Exercise details:
Return the data below exactly, minus the pictures.

Provided material:
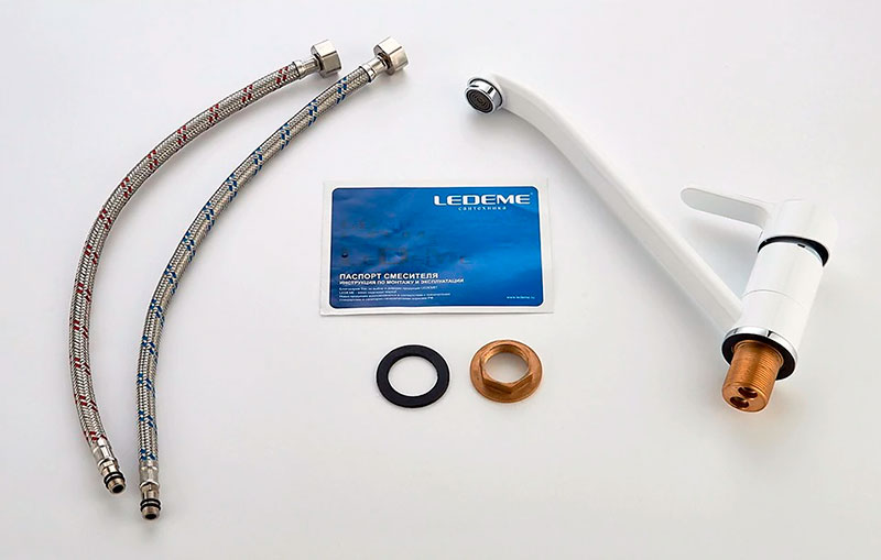 Смеситель изготовлен из высококачественной латуни с белым хромированным покрытием, которое делает смеситель Ledeme устойчивым к механическим повреждениям и загрязнениям, что позволяет надолго сохранить превосходный внешний вид изделия.
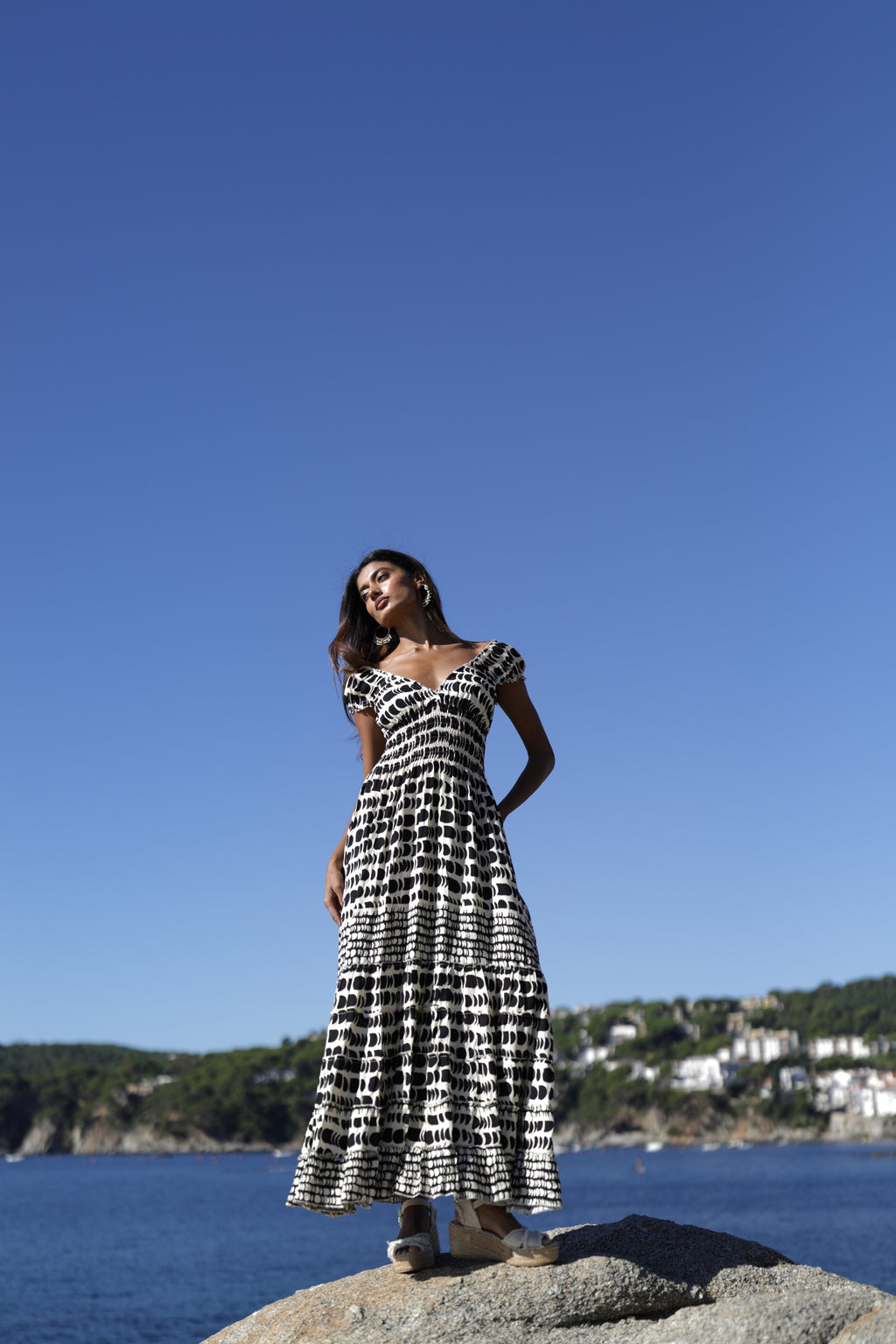 Vestido largo Frida. Estampado Hydra de lunares combinado negro y arena. Manga corta abullonada con fruncido elástico. Escote muy favorecedor en V con delicado fruncido. Escote redondo en la espalda. Falda larga fluida con volantes. Cintura elástica elástica que se ajusta perfectamente a tu silueta. Sigue tu talla habitual. ¡El vestido Frida queda ideal!
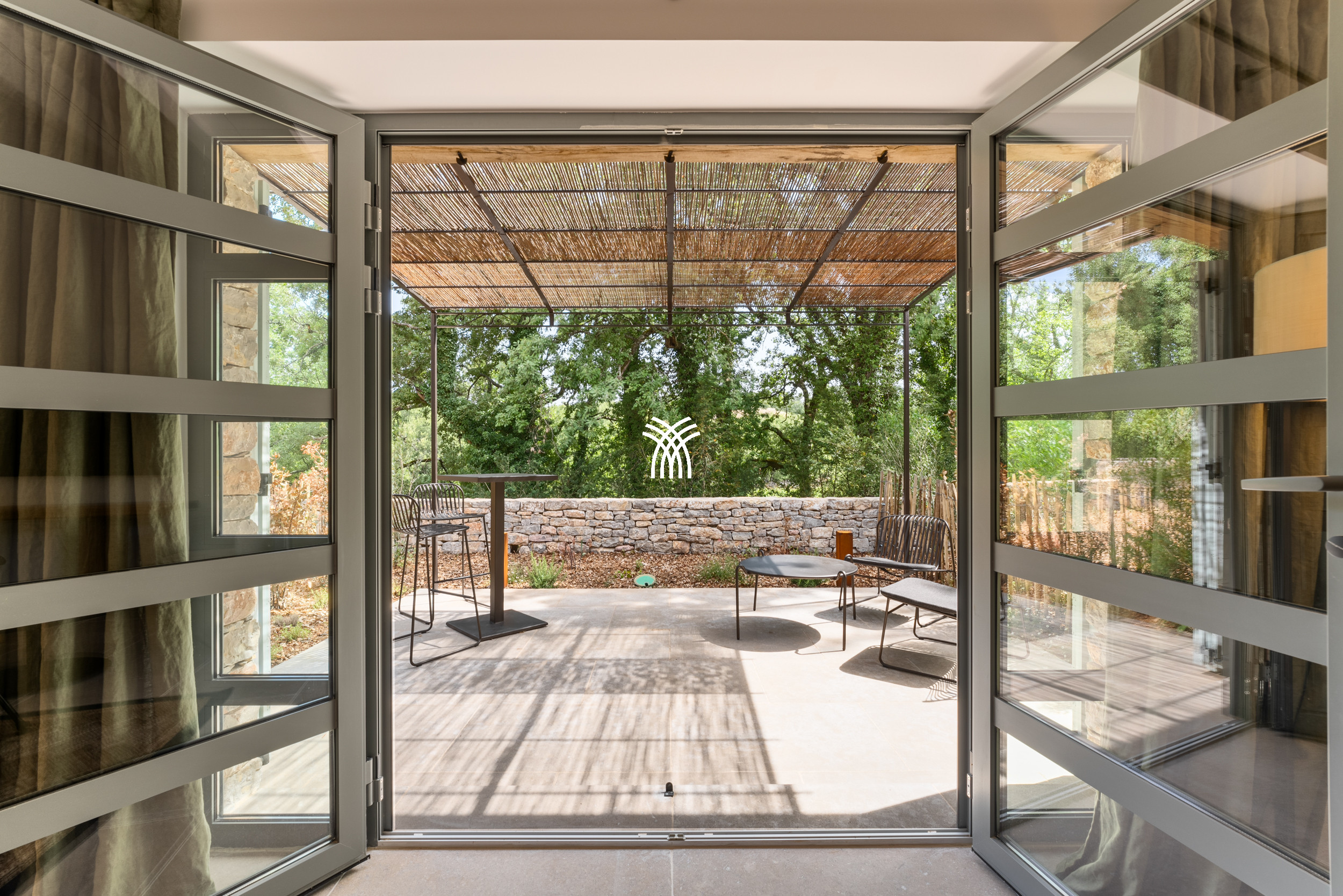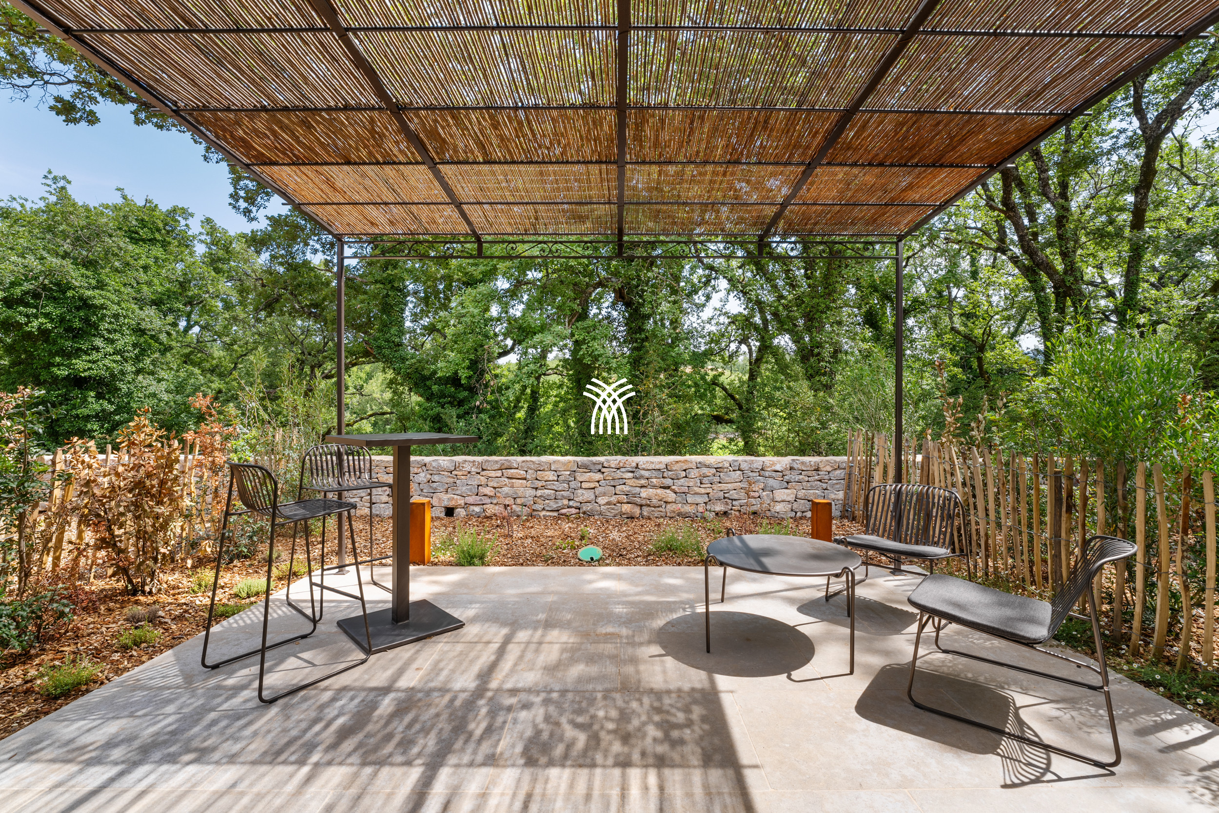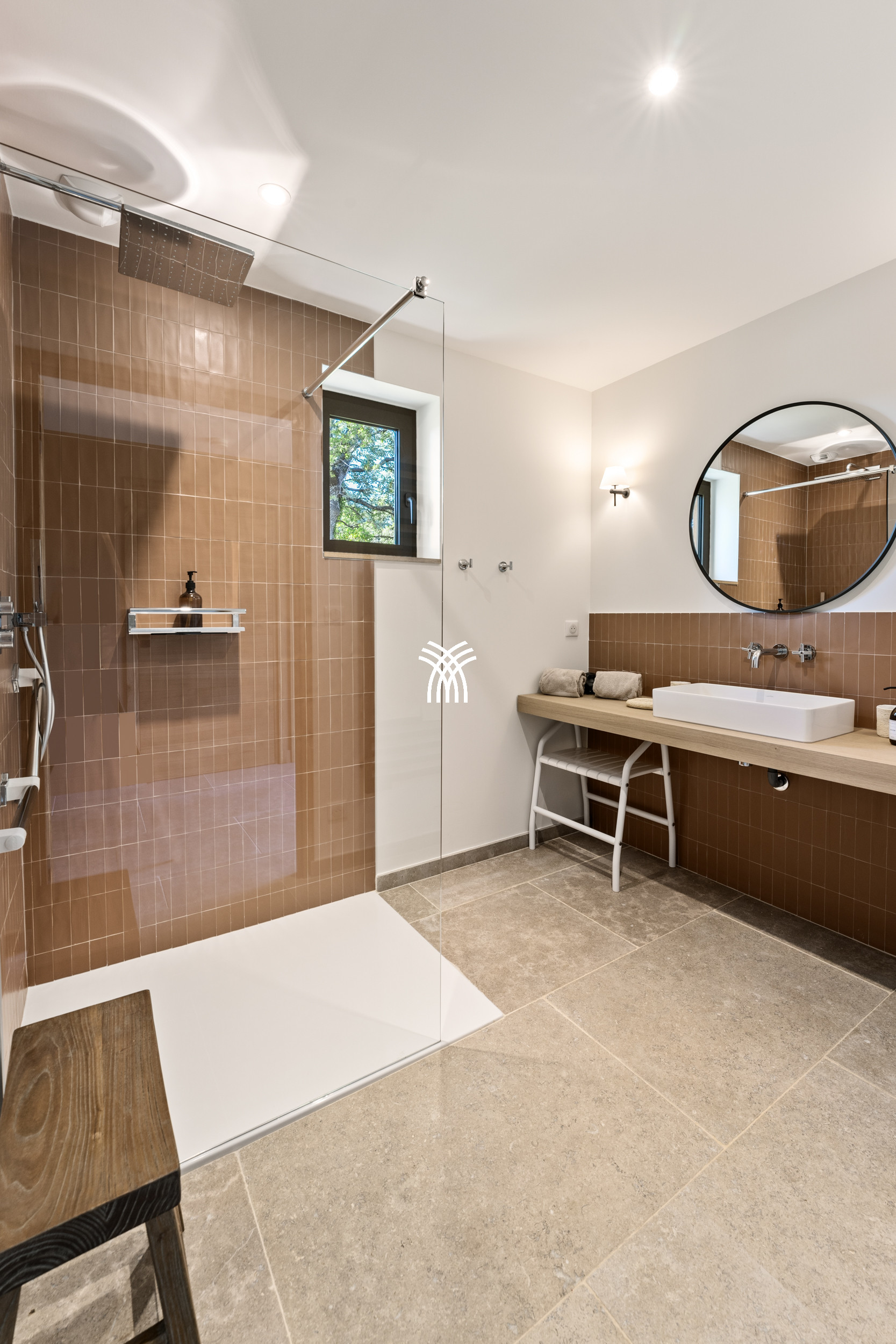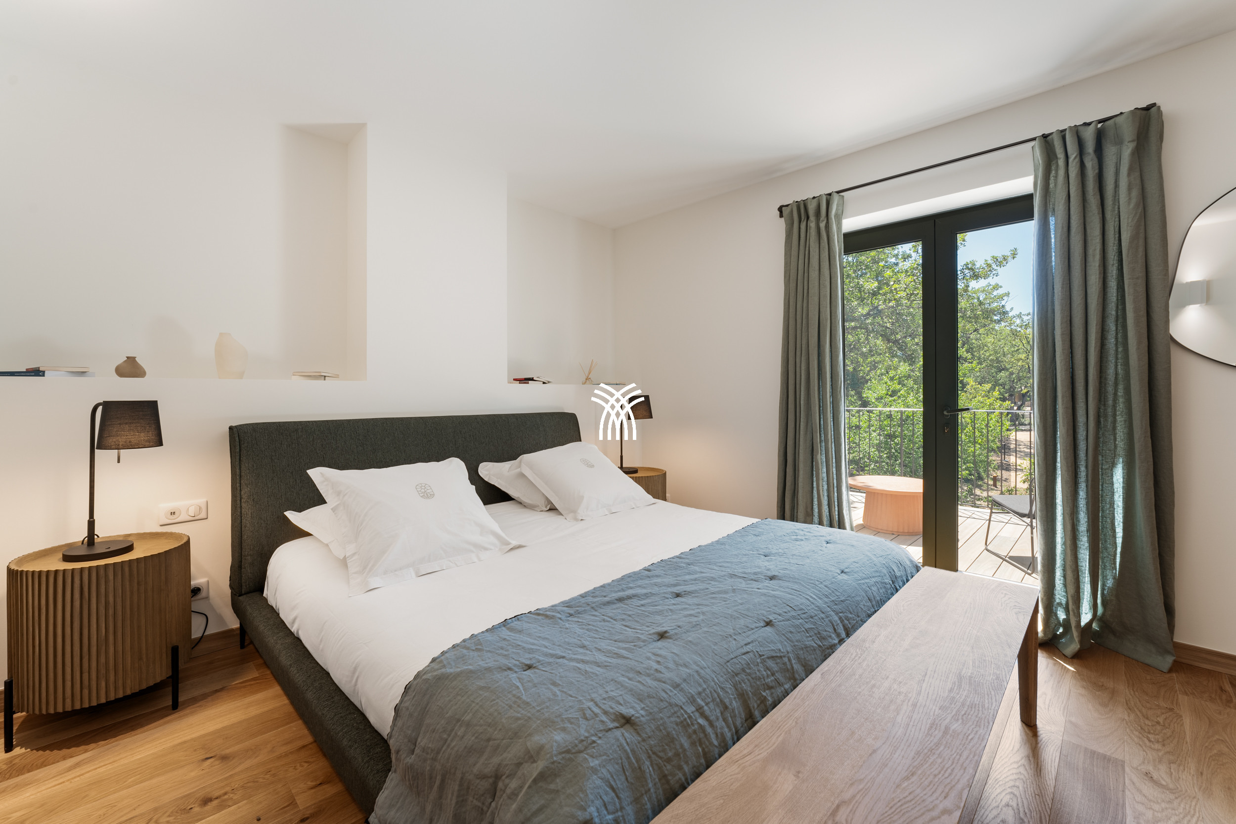 Mêlant sophistication moderne et charme provençal intemporel, la décoration combine avec grâce le bois, le métal et la pierre, s'intégrant parfaitement à la végétation luxuriante qui entoure la propriété. Dans ce havre idyllique, la convivialité définit chaque moment, que ce soit à l'ombre d'un chêne séculaire majestueux ou en profitant de la chaleur d'intérieurs soigneusement conçus. Une cuisine généreuse, des terrasses spacieuses et des fauteuils accueillants créent le cadre parfait pour préparer et savourer la cuisine locale, se détendre lors des soirées d'été fraîches ou simplement se reconnecter à la tranquillité d'un environnement préservé.

Solution:
 Смеситель изготовлен из высококачественной латуни с белым хромированным покрытием, которое делает смеситель Ledeme устойчивым к механическим повреждениям и загрязнениям, что позволяет надолго сохранить превосходный внешний вид изделия.
 Vestido largo Frida. Estampado Hydra de lunares combinado negro y arena. Manga corta abullonada con fruncido elástico. Escote muy favorecedor en V con delicado fruncido. Escote redondo en la espalda. Falda larga fluida con volantes. Cintura elástica elástica que se ajusta perfectamente a tu silueta. Sigue tu talla habitual. ¡El vestido Frida queda ideal!
 Mêlant sophistication moderne et charme provençal intemporel, la décoration combine avec grâce le bois, le métal et la pierre, s'intégrant parfaitement à la végétation luxuriante qui entoure la propriété. Dans ce havre idyllique, la convivialité définit chaque moment, que ce soit à l'ombre d'un chêne séculaire majestueux ou en profitant de la chaleur d'intérieurs soigneusement conçus. Une cuisine généreuse, des terrasses spacieuses et des fauteuils accueillants créent le cadre parfait pour préparer et savourer la cuisine locale, se détendre lors des soirées d'été fraîches ou simplement se reconnecter à la tranquillité d'un environnement préservé.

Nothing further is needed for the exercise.